Clouds are factors in climate that influence the radiation budget and therefore temperature. Clouds reflect a large fraction of solar radiation, resulting in surface cooling. On the other hand, clouds inhibit longwave radiation loss from the surface, which can lead to higher surface temperatures. The dominant process depends on many factors including cloud type and thickness, the magnitude of the solar radiation, and the albedo of the underlying surface.

Clouds are composed of minute water droplets, ice crystals or a combination of the two that have condensed on such atmospheric particles as airborne dust, smoke, sea salt, chemical compounds, and meteoric fragments. Condensation on nuclei occurs at relative humidities near 100 percent. Many condensation nuclei such as salts are hygroscopic, that is, they have a special chemical affinity for water molecules and promote condensation at relative humidities under 100 percent.

The most important characteristic of clouds in the Arctic is the summer stratus.
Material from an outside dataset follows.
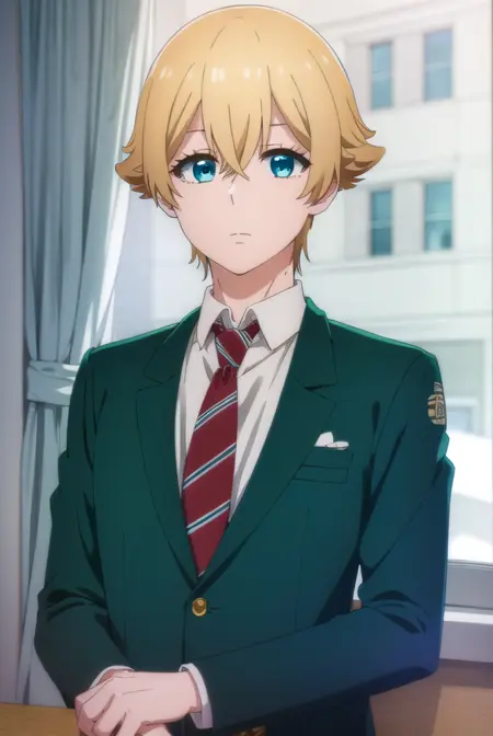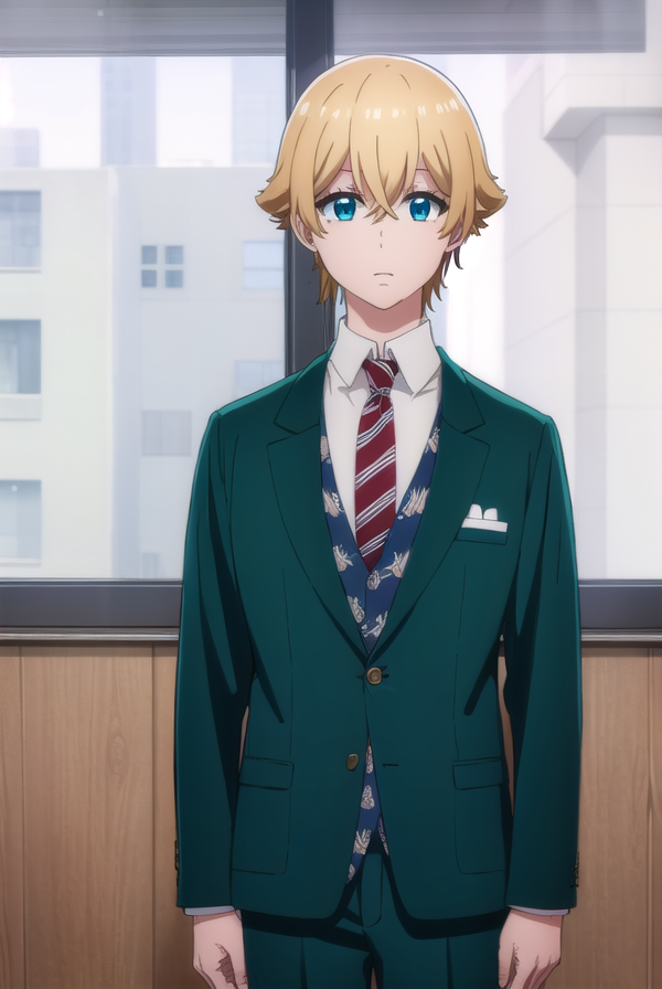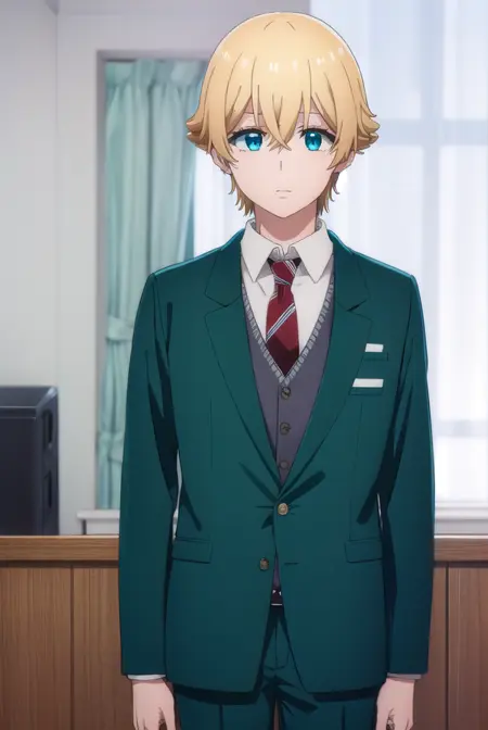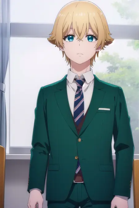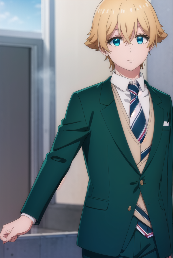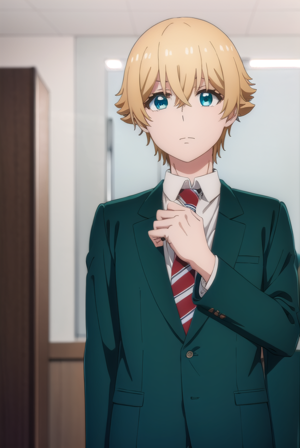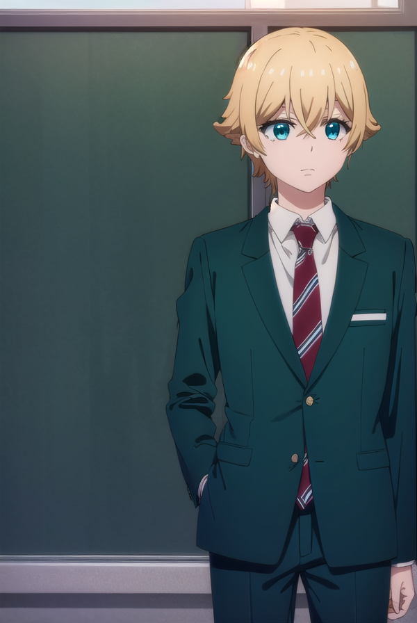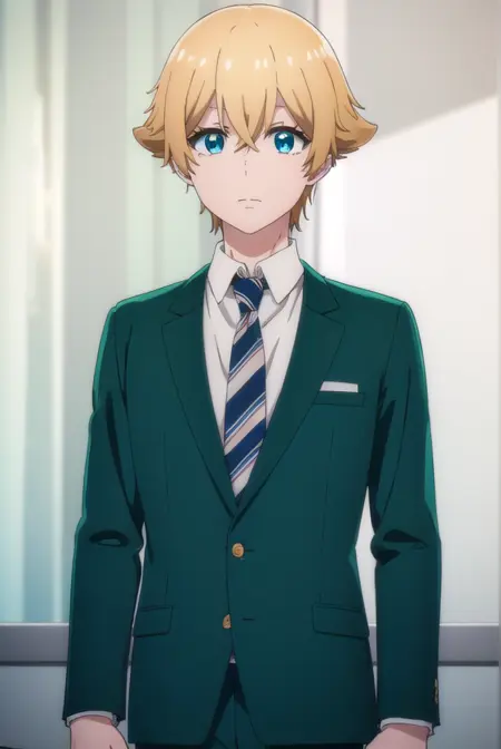 kousuke misaki, short hair, blue eyes, blonde hair, hair between eyes,

From about mid-June to mid-September, the ocean area covered by sea ice is 80 to 90 percent covered with this cloud type. Summer stratus has important effects on the radiation balance of the surface.

Types of Clouds

The three main cloud layers, with approximate heights, are:

• low: up to 2 kilometers (cumulus and stratus)
• medium: 2 kilometers to 8 kilometers (altocumulus and altostratus)
• high: 8 kilometers to 15 kilometers (cirrus, cirrostratus and cirrocumulus)

Clouds in the Arctic

In general, much of the arctic sky is covered by low stratus and stratocumulus clouds. Total cloud cover is least extensive in December and January. Starting in May, cloudiness increases. Warm air over the water adjacent to ice, frequent temperature inversions, and fog, cause low level stratus clouds to form and persist through the entire warm period.

A comment about the seasonal cycle of cloud cover

The following description of the seasonal cycle of cloud cover based on gridded cloud cover fields has been drawn from the data section of the Arctic Climatology Project Arctic Meteorology and Climate Atlas.

The most striking feature of low cloud cover during the winter months is the relative maximum over the northern North Atlantic. This manifests the uplift of air masses by the frequent cyclone activity in this area associated with the Icelandic Low. Low cloud cover is rather limited over central and eastern Siberia because of the general subsidence (downward motion) of air in the area of the strong Siberian high. During summer, the Icelandic Low and Siberian High weaken. Low cloud cover becomes more uniform, but with a distinct increase over the Arctic Ocean. The increase reflects the dominance of low-level stratus, which form as warm air masses moving over the ocean are chilled by the cold, melting sea ice cover. Then autumn months illustrate the transition back to the winter pattern. Total cloud cover combines low, middle and high clouds. While amounts of total cloud are hence greater than for only low cloud, it can be seen that most cloud cover is of the low variety.